Predictions shape : (24, 11)
First timestamp : 2023-01-02 00:00:00
Last timestamp : 2023-01-02 23:00:00
col_1
col_2
col_3
col_4
col_5
col_6
col_7
col_8
col_9
col_10
col_11
2023-01-02 00:00:00
0.3047
-1.0400
0.7505
0.9406
-1.9510
-1.3022
0.1278
-0.3162
-0.0168
-0.8530
0.8794
2023-01-02 01:00:00
0.7778
0.0660
1.1272
0.4675
-0.8593
0.3688
-0.9589
0.8785
-0.0499
-0.1849
-0.6809
2023-01-02 02:00:00
1.2225
-0.1545
-0.4283
-0.3521
0.5323
0.3654
0.4127
0.4308
2.1416
-0.4064
-0.5122
Metadata and return values
The function returns a three-element tuple. The first element is the predictions DataFrame described above. The second element is a metadata dictionary that records every parameter and intermediate shape of the run:
forecast_horizon
target_columns
exog_features
n_exog_features
train_size, val_size, test_size
data_shape_original, data_shape_merged
training_end
prediction_start, prediction_end
lags, window_size, contamination
n_outliers (computed as outliers.sum() for the Series case, or len(outliers) otherwise)

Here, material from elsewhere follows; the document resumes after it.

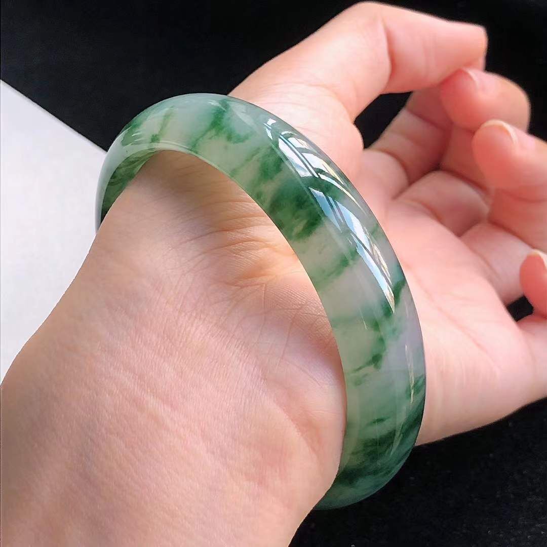 • 冰糯飄綠花翡翠正圈手鐲,天然翡翠A玉, 緬甸玉, Jade, Jadeite

This dictionary is a self-contained audit record — it lets a future reader reconstruct the run’s configuration without rerunning the pipeline.

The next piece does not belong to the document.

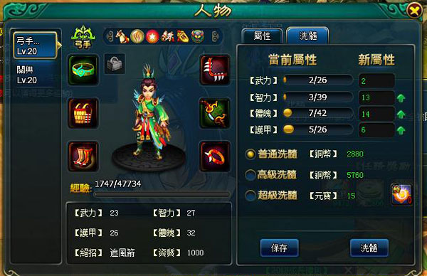 達到 13 級時,遊戲將自懂開啟「洗髓玩法」,點選人物介面後即可進入洗髓標籤頁。玩家只要耗費一定的銅幣便可以對角色或者武將進行普通洗髓操作,要注意的是,洗髓後要記得點選「保存」才會發會效果。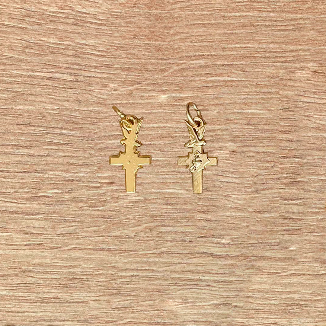 La Medalla Cruz Espíritu Santo, también conocida como Cruz del Apostolado, está hecha en zamak o alpaca italiana con baño en oro, ofreciendo una artesanía de alta calidad y un diseño significativo.

The third element is the recursive_forecasters dictionary keyed by target column name. Returning the fitted objects lets the caller inspect internal state (feature names, lag matrices, fitted estimator parameters) or call .predict again with a different horizon, without retraining.
End-to-end example
The cell below runs the entire pipeline with very small parameters (forecast_horizon=2, lags=4, window_size=8), using tempfile.mkdtemp() as the model directory so the run does not pollute the user’s persistent cache.

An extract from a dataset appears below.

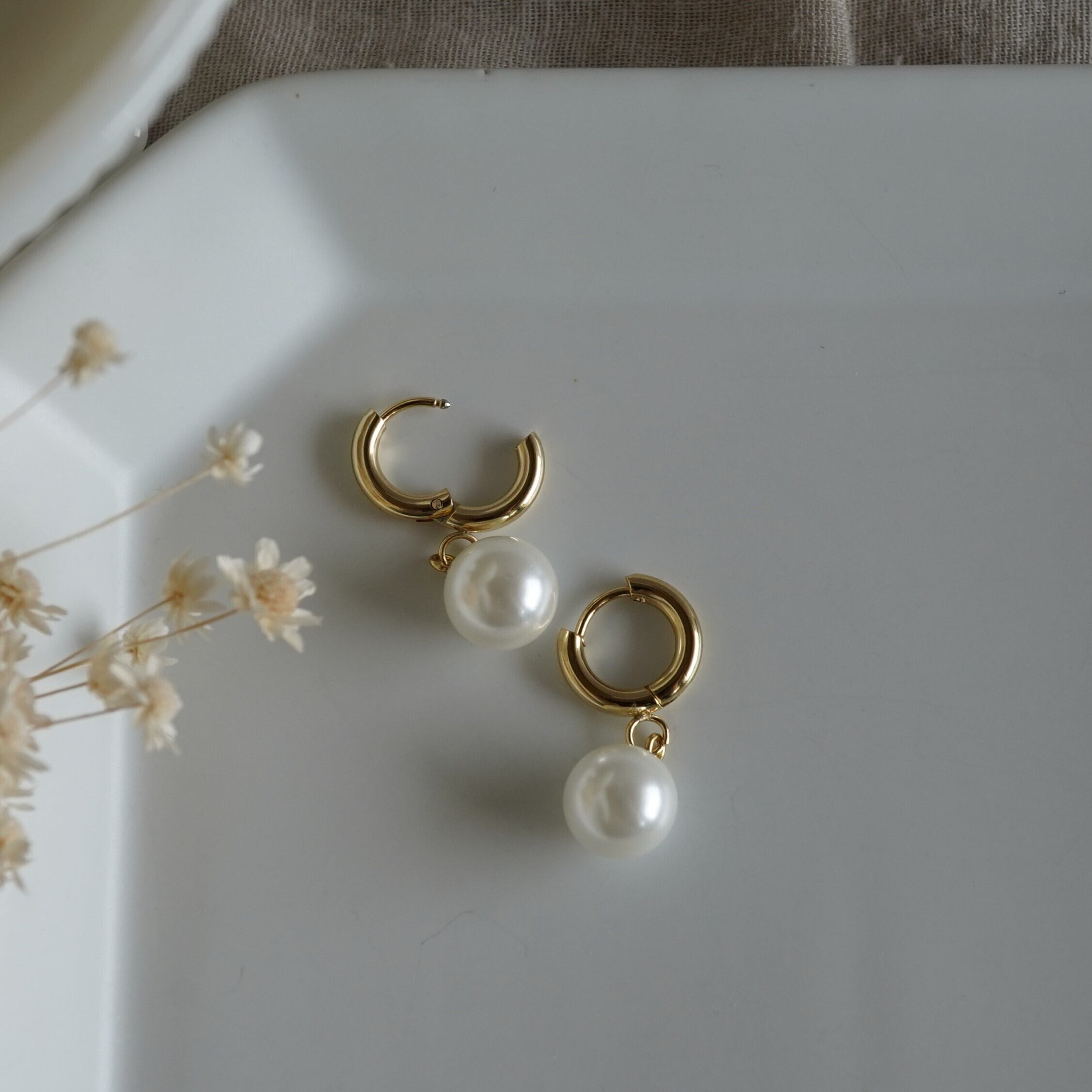 #ステンレスピアス #ゴールドピアス #パールピアス #ハギーフープピアス

The same call with force_train=False and the same model_dir would load the just-trained forecasters from disk instead of retraining — the core caching mechanism behind the pipeline’s speedup on repeated runs.
The complete execution flow
A single call to n2n_predict_with_covariates follows this invariant sequence:
Input validation runs first.
The target data is loaded and cleaned (Stage 1).
Outlier positions are replaced with NaN (Stage 2).
Missing values are imputed and sample weights are computed (Stage 3).
Four categories of exogenous features are constructed over the full extended time window (Stage 4).
The features are concatenated, validated for completeness, cyclically encoded, and augmented with interaction terms (Stage 5).
A feature-selection step reduces the matrix to the columns relevant to the configured pipeline variant (Stage 6).
The selected features are merged with the target data over the historical window (Stage 7).
The merged data is split temporally into train, validation, and test segments (Stage 8).
Forecasters are either loaded from disk or trained from scratch and then persisted (Stage 9).
Predictions are generated for the forecast_horizon steps beyond the training end (Stage 10).
Every public parameter is validated at entry, every exogenous feature matrix is checked for completeness before it enters the model, and every fitted object is serialised in a form that survives process boundaries. These invariants make the pipeline safe to embed in automated batch jobs where a silent failure would not be discovered until long after the prediction window has closed.